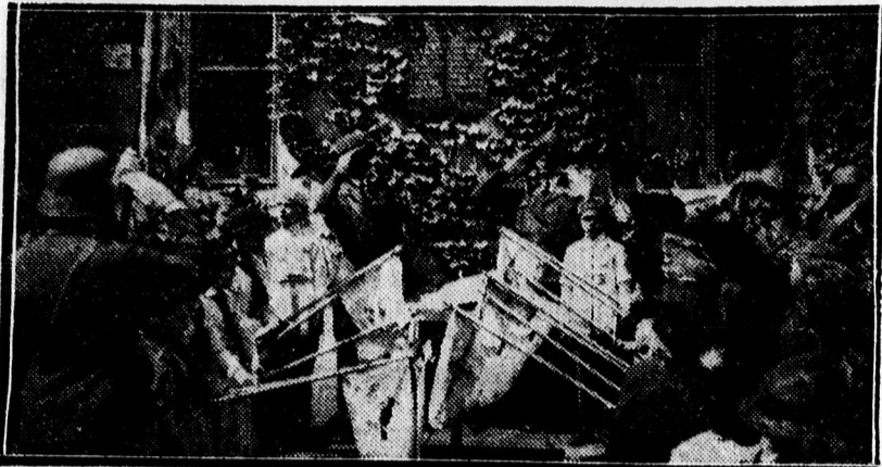
Az evang. elemi iskola hősi halottai emléktáblájának leleplezése

— Vasárnap délután nyitotta meg az Ujságírók Clubja a Kereskedelmi Csarnokkal közösen új nyári helyiségét a nagyerdői vígadó erre a célra külön elkerített udvarán. Népes közönség vett részt a megnyitón és rövidesen megalakultak a bridge és rómi játszmák. A közönség szívesen vette a nyári helyiség megnyitását. Jó idő esetén a játék állandóan kint lesz, rossz idő esetén a városi helyiségben, amely különben állandóan nyitva van és üzemben.
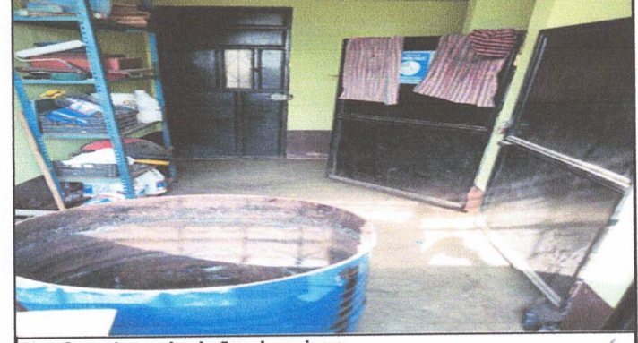
Piso Ceramico en los baños de mujeres
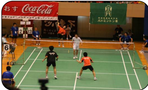
▲昨年の佐賀大会の様子

7月29日(火) 学校対抗1～3回戦 7月31日(木) ダブルス1回戦～準々決勝 8月1日(金) シングルス1回戦～準々決勝
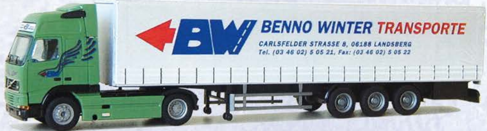
Best.-Nr. 320 083* Volvo XL Gardinenplane "Winter-Transporte" DM 36.-
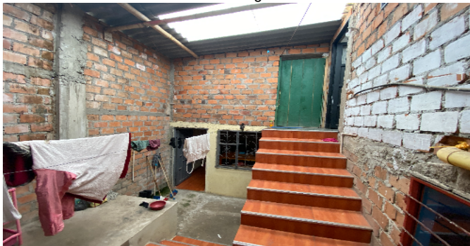
Escaleras a Segundo Piso
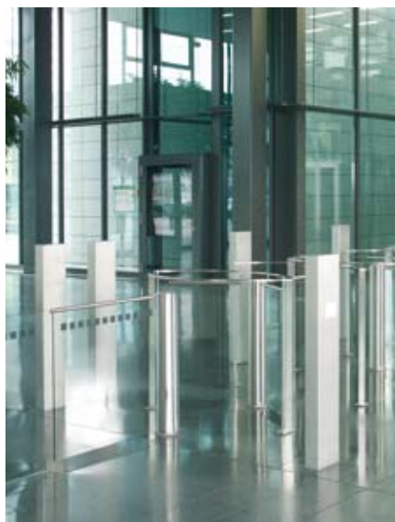
Odpowiednio dobrana bramka uchylna – przejście kontrolowane, przyjazne osobom niepełnosprawnym.
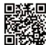
児童手当制度のご案内
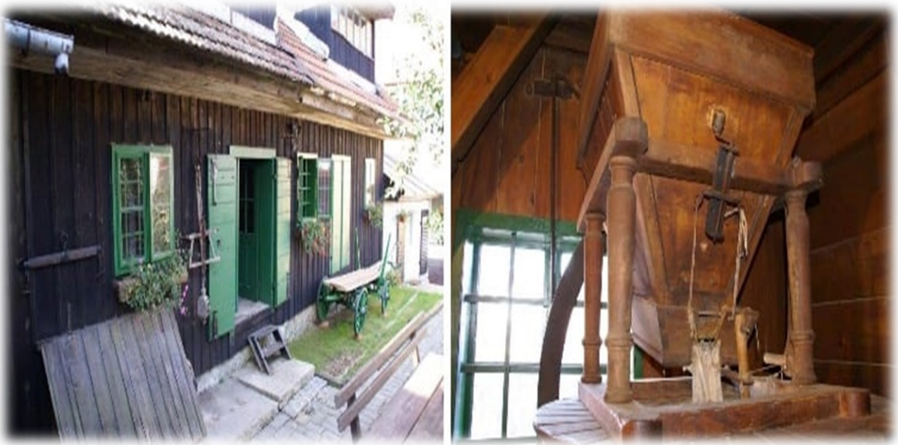
Slika 4. Mlin obitelji Popović u Delnicama

• _YOUR INSTRUCTIONS_
With the images excluded, output every record verbatim.

• _FINISHED EXERCISE_
Az evang. elemi iskola hősi halottai emléktáblájának leleplezése

— Vasárnap délután nyitotta meg az Ujságírók Clubja a Kereskedelmi Csarnokkal közösen új nyári helyiségét a nagyerdői vígadó erre a célra külön elkerített udvarán. Népes közönség vett részt a megnyitón és rövidesen megalakultak a bridge és rómi játszmák. A közönség szívesen vette a nyári helyiség megnyitását. Jó idő esetén a játék állandóan kint lesz, rossz idő esetén a városi helyiségben, amely különben állandóan nyitva van és üzemben.
Piso Ceramico en los baños de mujeres
▲昨年の佐賀大会の様子

7月29日(火) 学校対抗1～3回戦 7月31日(木) ダブルス1回戦～準々決勝 8月1日(金) シングルス1回戦～準々決勝
Best.-Nr. 320 083* Volvo XL Gardinenplane "Winter-Transporte" DM 36.-
Escaleras a Segundo Piso
Odpowiednio dobrana bramka uchylna – przejście kontrolowane, przyjazne osobom niepełnosprawnym.
児童手当制度のご案内
Slika 4. Mlin obitelji Popović u Delnicama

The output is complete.